Clemente Spera (Novara (?), c. 1661 – Milan, 1742) was an Italian painter of the Baroque period principally active in Milan. He was a specialist architectural painter who created capricci, i.e. architectural fantasies, placing together buildings, archaeological ruins and other architectural elements in fictional and often fantastical combinations together with figures. He was a frequent collaborator with the prominent painter Alessandro Magnasco and painted for him the scenic background architectural elements and ruins.
Very little is known for certain about Clemente Spera's life. He is believed to have been born in Novara, in Piedmont. He was trained in Milan in the workshop of Giovanni Ghisolfi. He was active in Milan throughout his career.
Spera made a name as a painter of architecture, in particular of classical ruins and capricci. He was sought after by eminent figure painters to paint in the architectural elements of their compositions.
Spera’s collaborations with Magnasco are the best-known.
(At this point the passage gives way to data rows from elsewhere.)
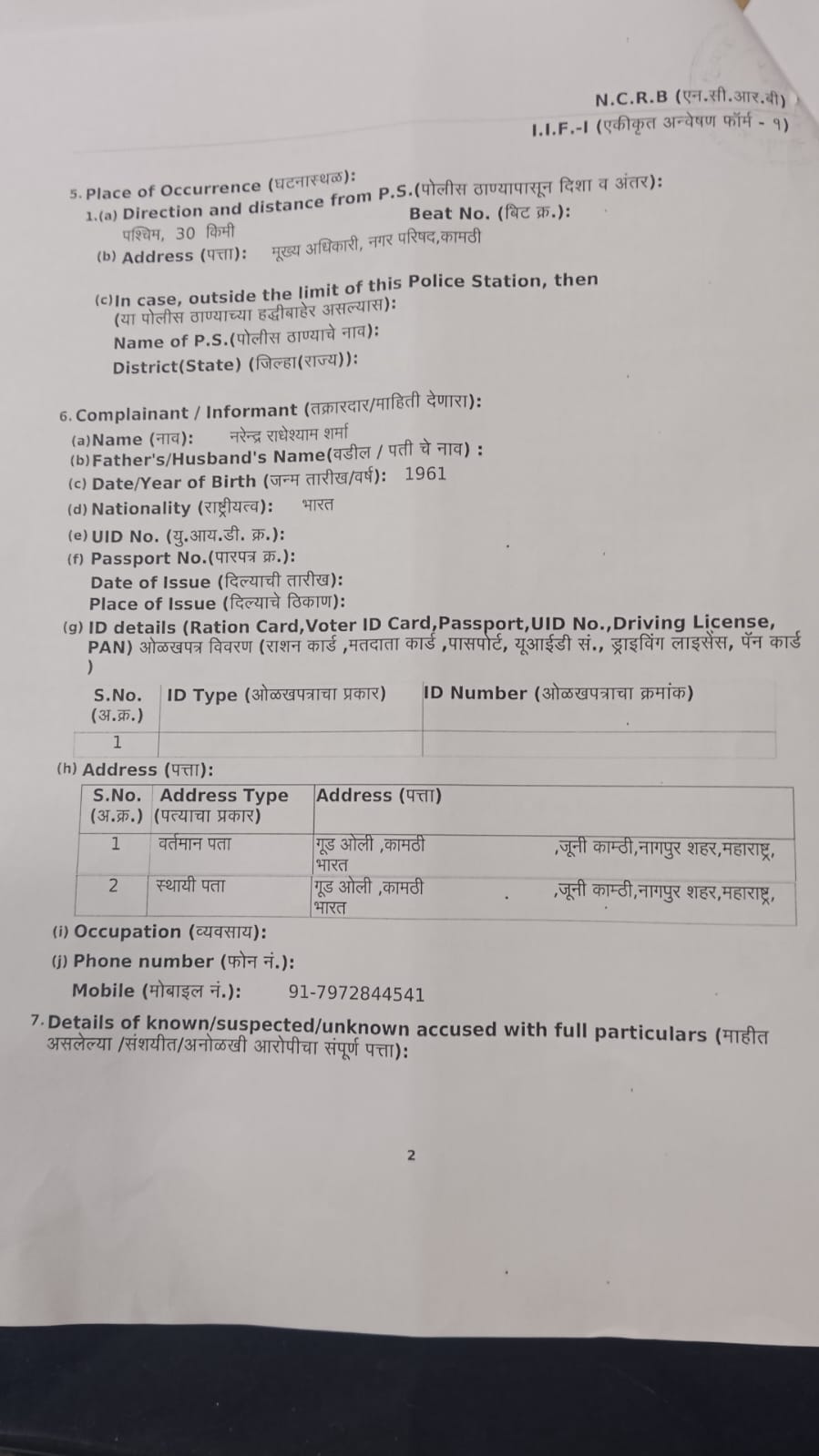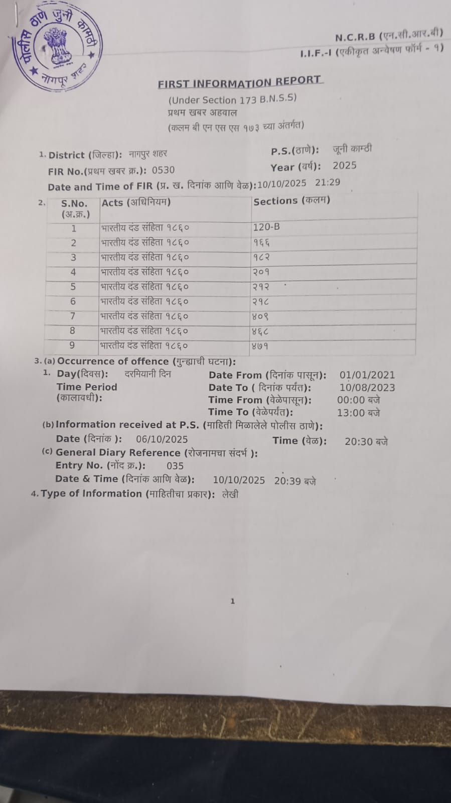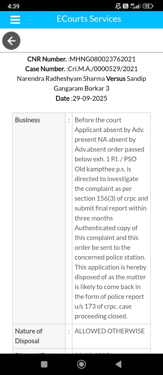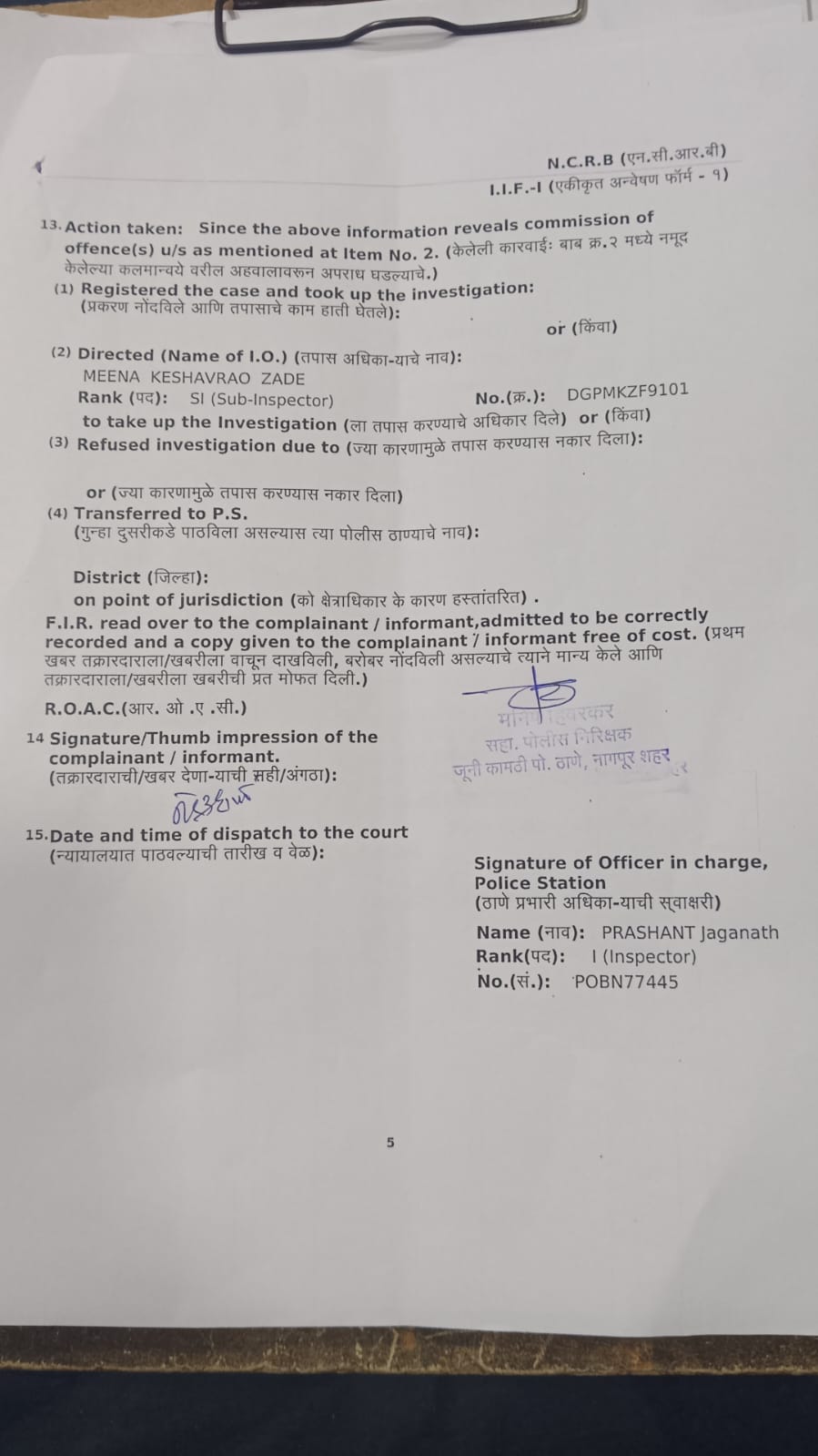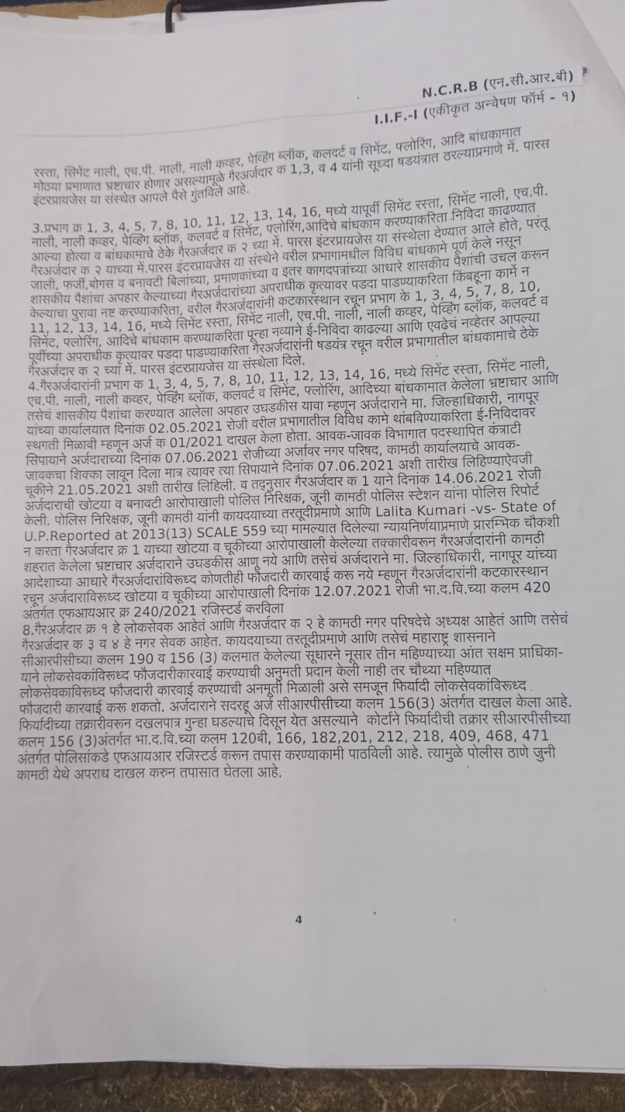 न्यायालयाने या प्रकरणाशी संबंधित सर्व कागदपत्रांची तपासणी करुन पोलिसांना गुन्हे दाखल करण्याचे आदेश दिले. न्यायालयाचा आदेश प्राप्त होताच कामठी (जुनी) पोलिस स्टेशन चे API मनिष हिवरकर यांनी त्या चौघांविरुद्ध भारतीय दंड संहिता कलम 120 (B), 166, 192, 201, 212, 218, 409, 468 व 471 अन्वये गुन्हा दाखल केला.
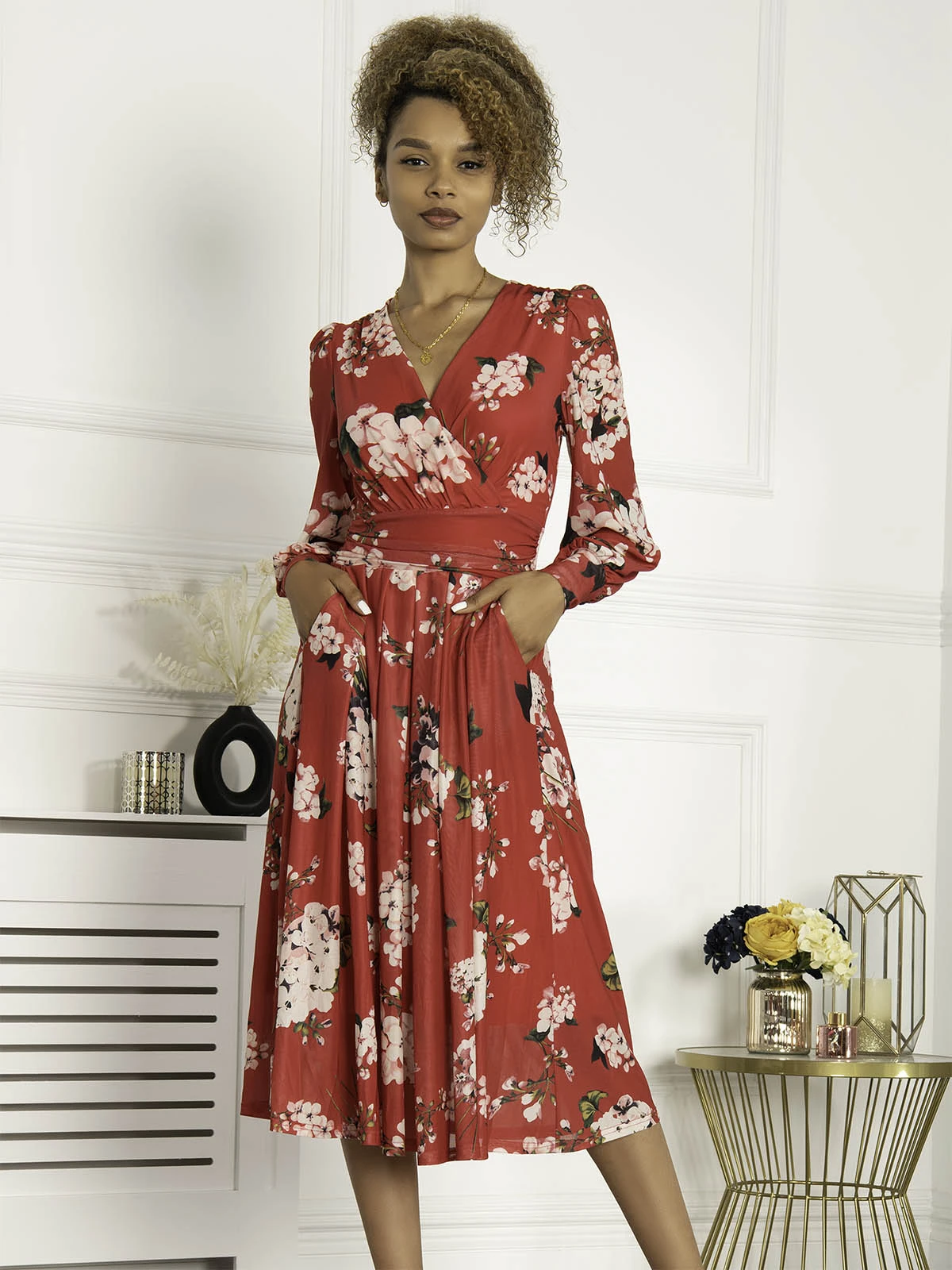 Bring a feminine edge to your occasion-wear with this stylish midi dress from Jolie Moi. Beautifully updated with a watercolour floral print, it is made from lightweight mesh fabric that is soft-to-touch and smooth. With an elegant v-neckline, short floaty long sleeves and a flared skirt that falls just below the knee, it can be paired with heels at your next special event.
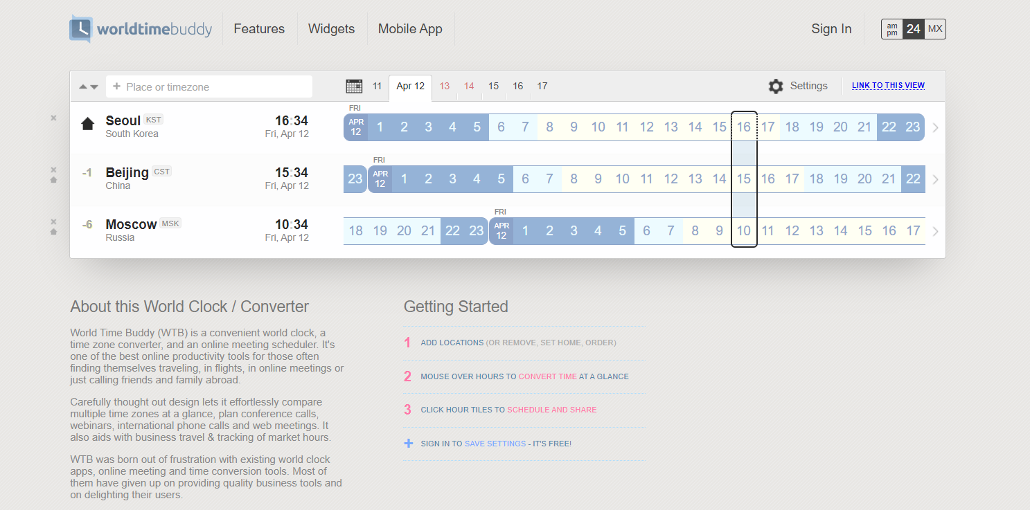 About this World Clock / Converter World Time Buddy (WTB) is a convenient world clock, a time zone converter, and an online meeting scheduler. It's one of the best online productivity tools for those often finding themselves traveling, in flights, in onlin
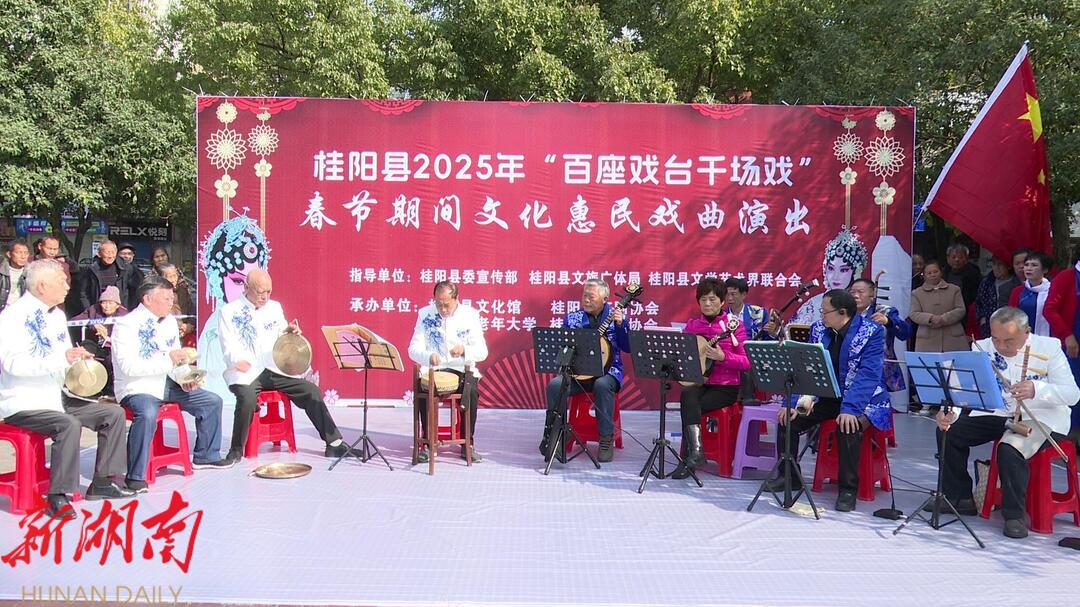 新桂阳1月20日讯(记者 刘克坚) 为丰富居民的精神文化生活,让大家在新春佳节感受传统艺术的独特魅力。1月18日,我县举办2025年“百座戏台千场戏”春节期间文化惠民戏曲演出,此次演出由县文化馆、县京剧协会、县老年大学、县礼仪协会承办。
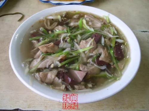 葫蘆雜碎又叫揚風(fēng)攪雪或葫蘆菜和,最早風(fēng)于民間本家會的成員聚餐,工藝明快簡捷,營養(yǎng)豐富,是素暈混吃的一味民間小吃。做法上是取洗凈切塊的豬羊肝肺腎肚腸,入水汆制,去糞腥油法,與用血漿熱凝而成的血塊一起下鍋,文炎熨煮,待八九分熟時,加入以葫蘆(現(xiàn)稱甜美南瓜)為主的自產(chǎn)無污染綠色蔬菜,旺火燒沸,待青菜、南瓜熟透,部分組織混成湯汁后,加入蔥韭、青椒、生姜、調(diào)料、青鹽等提味壓腥,既成赤橙黃綠青藍(lán)紫、香麻辣甜沁心脾的燴大菜。
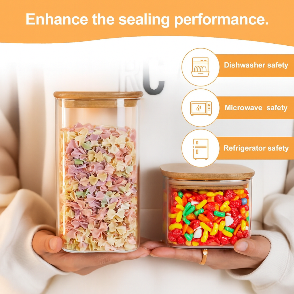 These 37oz clear glass storage jars feature airtight bamboo lids to keep food fresh. Their stackable, square design maximizes kitchen space, ideal for storing candy, cookies, rice, sugar, flour, pasta, nuts, and spices with convenience and style.
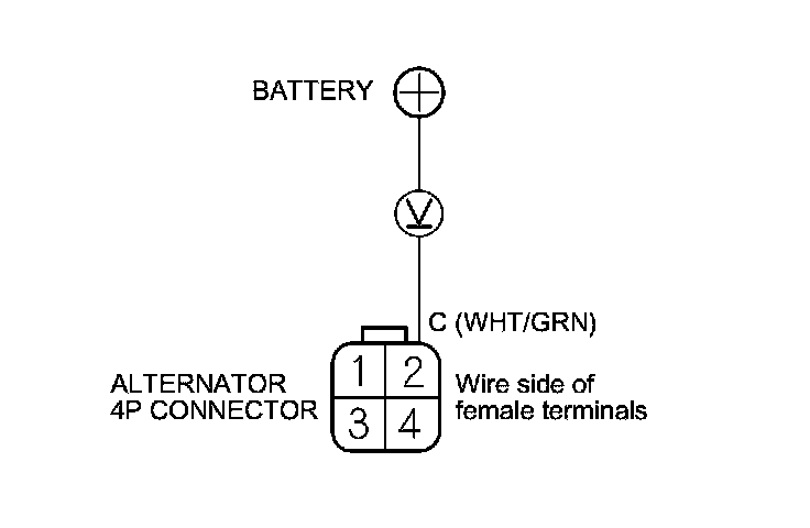 7. Measure the voltage between alternator 4P connector terminal No. 2 and the positive terminal of the battery.

Spera painted the architectural elements, often ruins of sumptuous classical buildings that supported the often wild scenes depicted by Magnasco. A typical example of such a collaboration is the Feast of Satyrs (between 1710 and 1715, Museum Kunstpalast). In this picture the artists seems to have intended to accentuate the caricatural aspects of the behavior of the feasting satyrs. Architecture, landscape and sky are used to express the internal state of the various figures. Bizarre, crumbling remnants of sublime architecture provide the backdrop for the funny goings-on of the satyrs. In rhythmic repetition three successively staggered, large arches with feathery vegetation divide the space of the composition. The center of the space is occupied by a vine-covered, broken column shaft. The figures seem almost reduced to casual narration and yet their turbulence and drunkenness are reflected in the moving, bizarre ruins. The viewer is kept at a distance from the carousing satyrs. One sleeping drunkard on the left and another with a goat on the right only show their bare backsides. A third satyr who clings to the large column shaft appears to have no good intentions. Only at second glance it becomes clear that the apparent disorder is organized by a strict ordering principle, since all three satyrs embrace the center in the form of an equilateral triangle.